It's no longer enough to say the economy is heading into or already is in a recession. Invoking the memory of the Great Depression has become the latest way to dramatize the economic turmoil caused by the credit markets.
"[I] think we are facing the worst financial crunch and crisis since the Great Depression," Mort Zuckerman, editor-in-chief of U.S. News & World Report, said on the January 20 "McLaughlin Group."
Zuckerman told viewers we're heading into uncharted territory with this current credit freeze-up.
"You have the entire banking system now that is virtually frozen. And there are, not just this subprime mortgage thing, there are other things called credit default swaps where they will lose as much money, $250 billion on. The banks are frozen. They are not making loans because they have such huge debts that they have to take on to their balance sheets and nobody knows how to deal with that," he continued.
While the financial sector is seeing problems with tightened credit, Zuckerman's reference to the Great Depression could lead viewers to think that the economy is heading toward a depression.
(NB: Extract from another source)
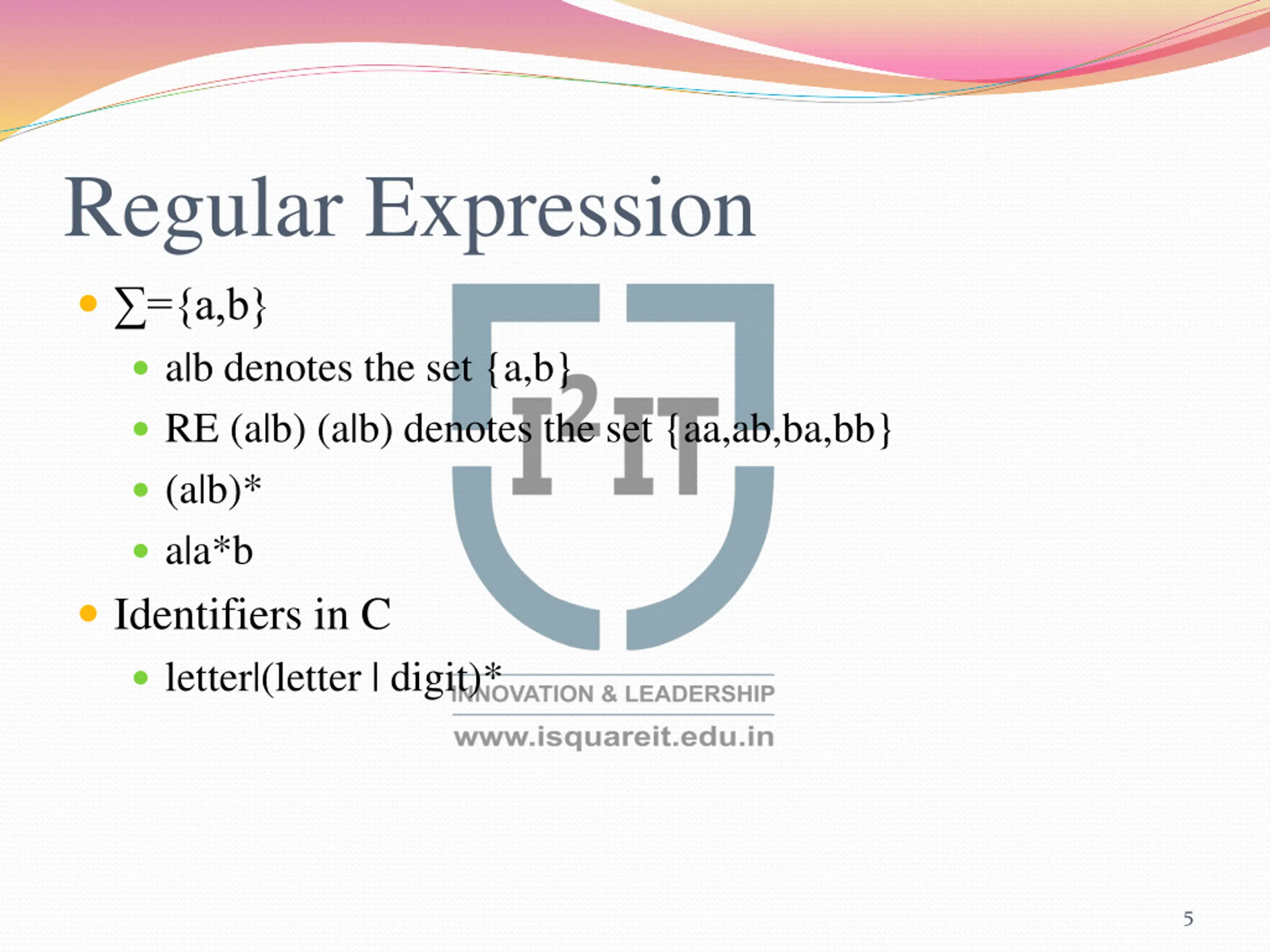 Specification of Tokens RE are notations for specifying patterns Alphabet/Character class Denotes a finite set of symbols String Strings are defined over some alphabets, is a finite sequence of symbols drawn from the alphabet Empty string denoted by Language Set of strings over some alphabet 4

The U.S. economy overall does not appear to be headed for another Great Depression. For the last two quarters, gross domestic produce (GDP) has grown at a rate of 3.8 percent in the second quarter of 2007 and 4.9 percent in the third quarter. Fourth-quarter GDP numbers for 2007 will not be released until March. Unemployment in the U.S. is also relatively low at 5 percent.
Even the somewhat gloomy forecast from Goldman Sachs Group, Inc. (NYSE:GS), a Wall Street investment bank that has avoided the worst of the subprime mortgage losses, said on January 9 the recession they are predicting would be brief - certainly a far cry from a depression.
"One silver lining is that the recession is likely to be relatively mild by historical standards, with a cumulative contraction in real gross domestic product of only about 0.5%," said a Dow Jones report about Goldman Sach's prediction. "And the economy will eventually walk out of the recession and gradually recover in the course of 2009."
Despite that, strong bearish opinions on the economy as well as parallels to the Great Depression have been cropping up recently in media reports including a January 16 "CBS Evening News" story. That night CBS correspondent Anthony Mason compared problems in the financial sector to banking problems around the Great Depression.